Quintessenz der Stippvisite: Santiago Calatrava wird in Wien bauen. Die Überraschung kann als durchaus gelungen bezeichnet werden. Während sich die einen freuen und die anderen ärgern, muss an dieser Stelle auf den nicht unwesentlichen Umstand hingewiesen werden, dass öffentliche Projekte, deren Baubudget den Schwellenwert von 206.000 Euro überschreiten, laut Bundesvergabe-Gesetz aus dem Jahr 2006 EU-weit offen ausgeschrieben werden müssen. „Mit diesen Rahmenbedingungen versuchen wir umzugehen“, kontert Schicker.
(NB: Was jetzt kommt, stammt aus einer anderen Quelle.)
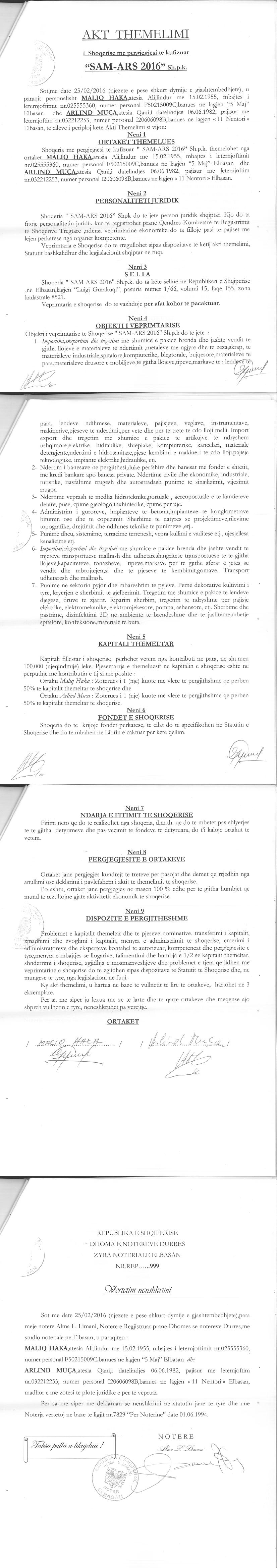 → Ekstrakt historik i regjistrit tregtar 10.07.2021 → Akti i themelimit → Ekstrakt historik i regjistrit tregtar date 08.10.2025 → Lirim nga barra siguruese mbi titujt e pronesise date 23.09.2021 → Kontrate dhurimi kuotash kapitali date 03.05.2023 |
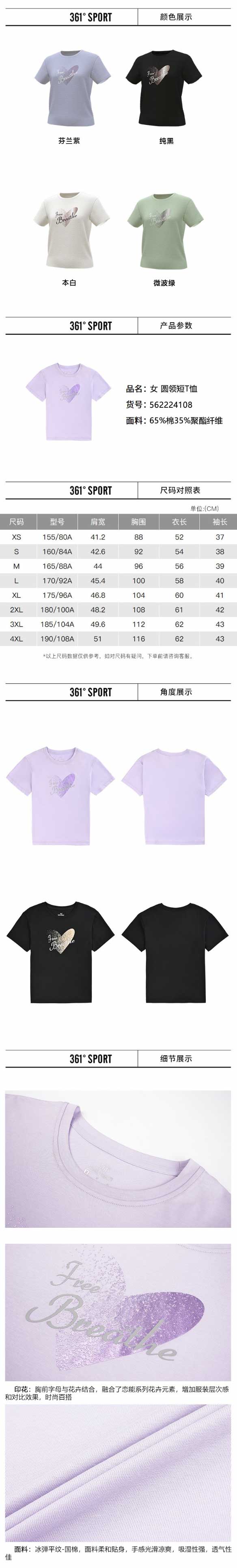 361度T恤女装短袖字母新品2022夏季运动衫透气圆领上衣562224108
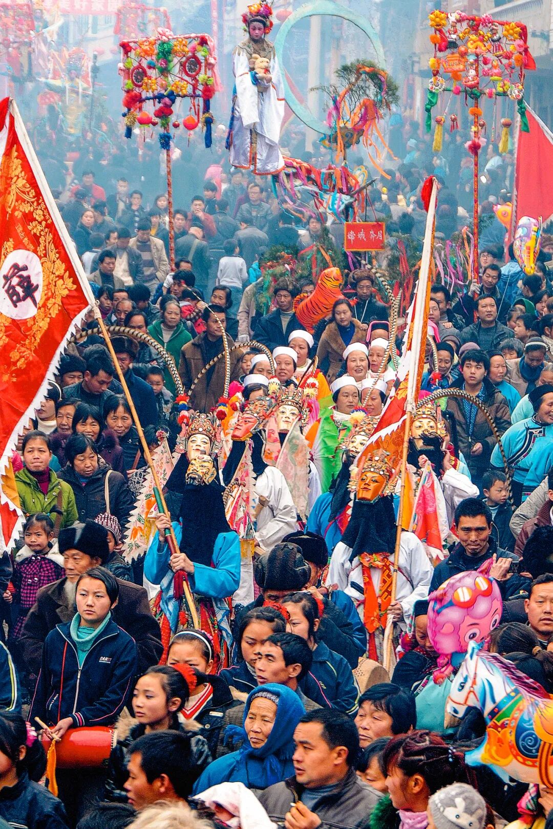 “抬汪公”活动规模极大,必须全村参与。男女老少按长幼尊卑排列,旌旗招展,鼓乐齐鸣,换上新衣的汪公塑像被从庙中请出,一家一家地巡游过去,每到一处,村民都会点起鞭炮迎接,不过几百米的路程,往往要走上三四个小时。这种对仪式感的极致追求,就像是中国文化中“国之大事,在戎在祀”的微缩版本。

Er werde versuchen, bei der Brücke den künstlerischen Bestandteil der Arbeit des Ingenieurs Calatrava hervorzukehren. „Wie es uns beim Bahnhof in Aspern“ - nun ist es ausgesprochen! - „gelingen wird, den Leuten zu erklären, dass es sich dabei nicht um ein öffentliches Gebäude, sondern um ein künstlerisches Projekt handelt, wissen wir vorerst noch nicht.“

Konkreter Fall

Zu den weißen Knochengerüsten von Calatrava kann man stehen, wie man will. Ein Architekturimpuls aus dem Ausland kann eine Stadt wie Wien nur aufwerten. Inakzeptabel ist es jedoch, wenn die Stadt Wien ihre Vorbildwirkung nicht wahrnimmt. Darf ein öffentlicher Auftraggeber das Bundesvergabegesetz umschiffen, wenn ihm gerade danach ist?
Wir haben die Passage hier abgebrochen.